“Making the Final Table” Review

[LL] “I’ve always dreamed of playing in the World Series of Poker, but it would actually require a lot less travel to play in the World Poker Tour”, Leroy the Lion remarked.

[RR] “Sure, they have a festival at Foxwoods every year”, Roderick the Rock suggested.

[SS] “Sorry, it’s not there anymore”, Stan the Stat corrected. “The closest stop is now the Borgata in Atlantic City.”

[RR] “I wouldn’t think any less of you if you a won a WPT bracelet instead of a WSOP bracelet!”

[LL] “Would be pretty cool if a bunch of us drove down and tried to get in through a satellite.”

[RR] “How much are the entry fees?”

[SS] “The cheapest ones are under $100.”

[LL] “I’m ready; I just finished reading Erick Lindgren’s Making the Final Table. Okay, I’d never be good enough to play in the WPT just by reading that book. But it did put the thought into my head.”

[RR] “It’s a book just about playing on the WPT?”

[LL] “Well, most of the advice covers any Texas Hold ‘Em game but is framed in the context of the WPT. After a brief introduction to the World Poker Tour, Lindgren gives intermediate level advice about playing on the tour, referencing actual tournament setups, blind structures, and even the television lights.

Mike Sexton’s Shuffle Up and Deal, published the same year, gives more of the history of the WPT, but Making the Final Table is a level higher skill-wise.

Lindgren takes a very aggressive approach. Because tournament payouts tend to be top-heavy, he’s willing to bust out early trying to get a big stack, and he’s willing to keep gambling as the event goes on to get to the final table well-equipped. He has no interest in min-cashing or reaching the final table last in chips.

Like Daniel Negreanu, Lindgren believes in the small ball approach to poker. He plays more hands than most, prefers to keep pots smaller before the flop, and uses his superior hand reading skills after the flop. Because he has a wider range than his opponents, he can almost always reasonably represent a hand that hit the flop.

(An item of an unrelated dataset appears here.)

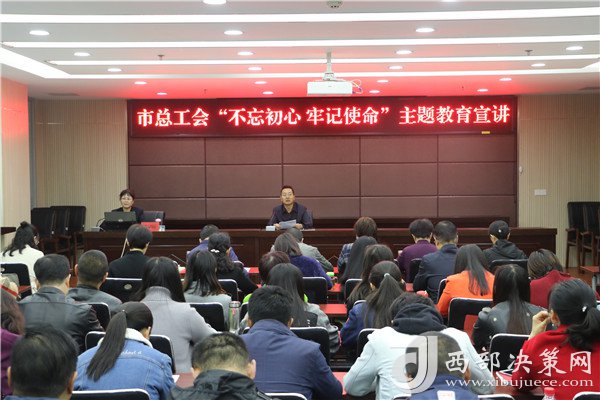 為深入學(xué)習(xí)宣傳貫徹習(xí)近平新時代中國特色社會主義思想,扎實做好“不忘初心、牢記使命”主題教育工作,教育引導(dǎo)黨員干部牢固樹立“四個意識”,不斷堅定“四個自信”,堅決做到“兩個維護(hù)”,確保黨員干部理論學(xué)習(xí)有收獲、思想政治受洗禮,10月12日,西寧市總工會邀請市委黨校黨史黨建教研室主任王銘霞教授進(jìn)行了“不忘初心、牢記使命”主題教育宣講。市總工會和市文聯(lián)、城西區(qū)文匯路小學(xué)70余名黨員干部參加了主題宣講活動。

In middle position, Lindgren will play any cards that can flop big, like Ace-Jack or Jack-Nine suited, while in late position, he will play almost any two cards for at least a call.

Other good sections of the book include the most common postflop mistakes (and how to take advantage of them), what to consider when trying to steal the blinds, what to expect if you reach the final table, and how to play heads up.

While the advice specifically addresses the World Poker Tour, most of the book is applicable to any poker tournament.”

Title Making the Final Table
Author Erick Lindgren
Year 2005
Skill Level Intermediate
Pros Good introduction to the World Poker Tour, especially if you want to play on it. Solid, wide-ranging, intermediate-level advice.
Cons Less than a hundred pages on strategy1, far too short (and low level) to prepare you to play on the WPT.
Rating 2.5


  1. The first couple of appendixes waste 22 pages on instantly outdated WPT ranking lists of Millionaires and Money Leaders that are no more than trivial historical curiosities.